AIM OF THE TASK >> With both ends included, repeat exactly the lines of the entries below from the one containing "Инструменты для обслуживания" down to the one containing "Eniten sovelluksia oli", and no others.

PROVIDED MATERIAL >>
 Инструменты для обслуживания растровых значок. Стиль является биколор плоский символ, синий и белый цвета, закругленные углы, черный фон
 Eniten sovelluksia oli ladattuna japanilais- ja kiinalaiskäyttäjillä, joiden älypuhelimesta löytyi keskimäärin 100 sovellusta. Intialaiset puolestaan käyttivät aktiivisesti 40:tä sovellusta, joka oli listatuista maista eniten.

...

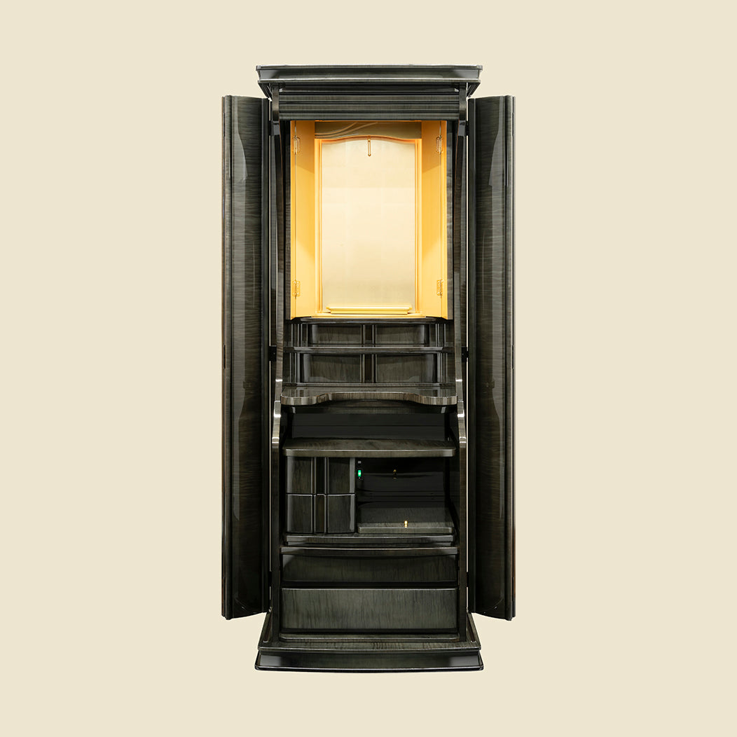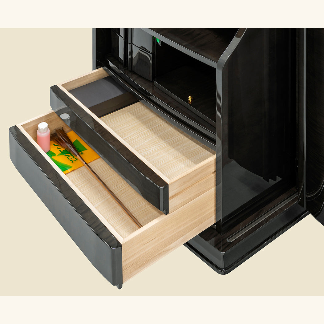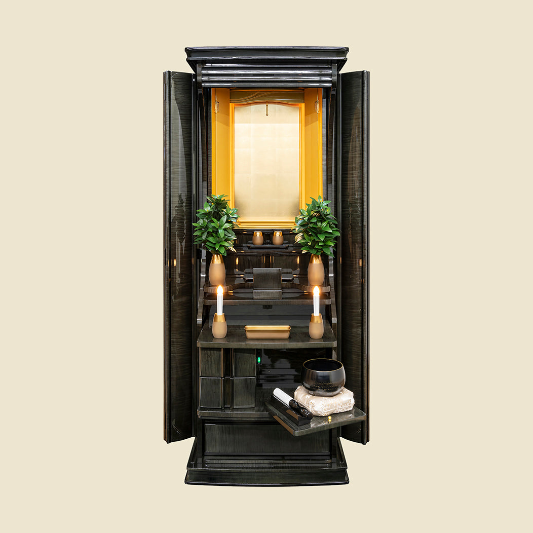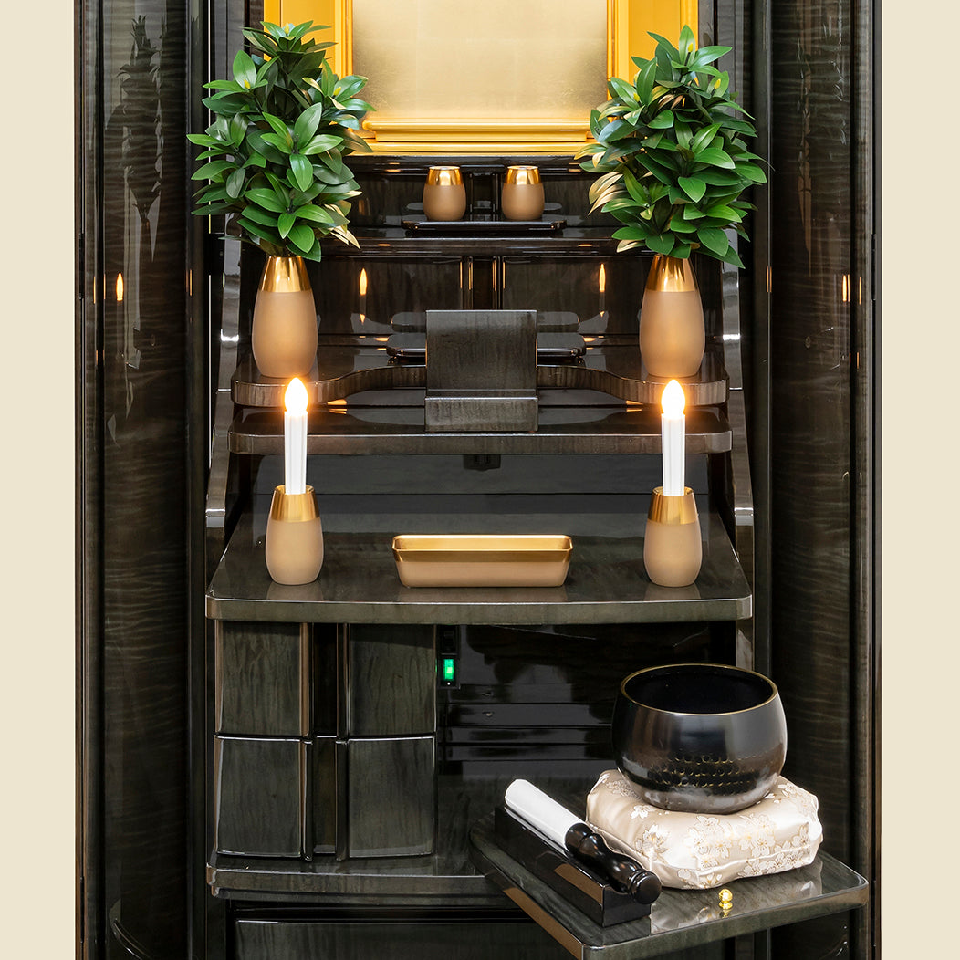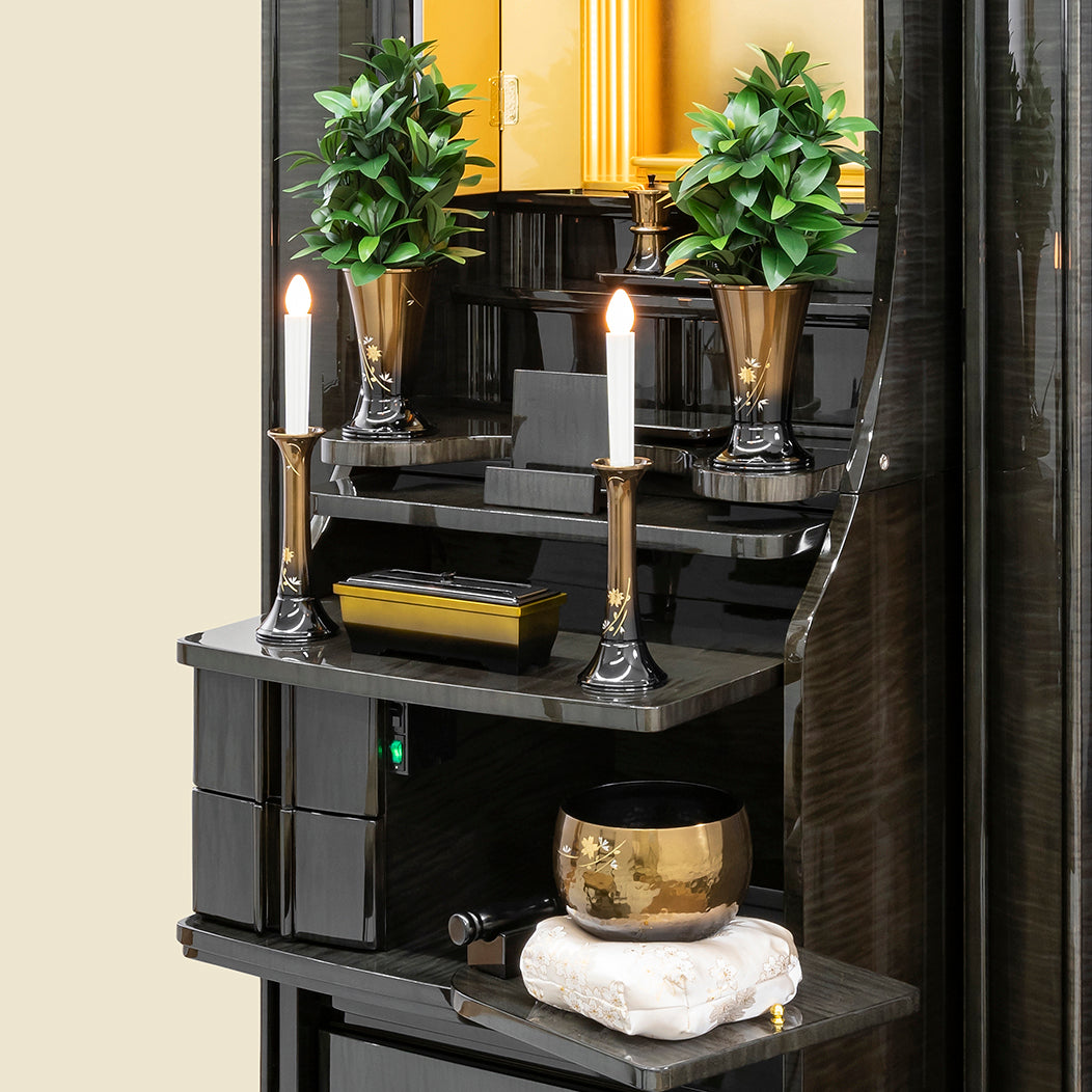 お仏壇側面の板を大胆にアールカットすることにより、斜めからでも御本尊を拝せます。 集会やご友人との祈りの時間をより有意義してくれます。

RESPONSE AREA >>
 Инструменты для обслуживания растровых значок. Стиль является биколор плоский символ, синий и белый цвета, закругленные углы, черный фон
 Eniten sovelluksia oli ladattuna japanilais- ja kiinalaiskäyttäjillä, joiden älypuhelimesta löytyi keskimäärin 100 sovellusta. Intialaiset puolestaan käyttivät aktiivisesti 40:tä sovellusta, joka oli listatuista maista eniten.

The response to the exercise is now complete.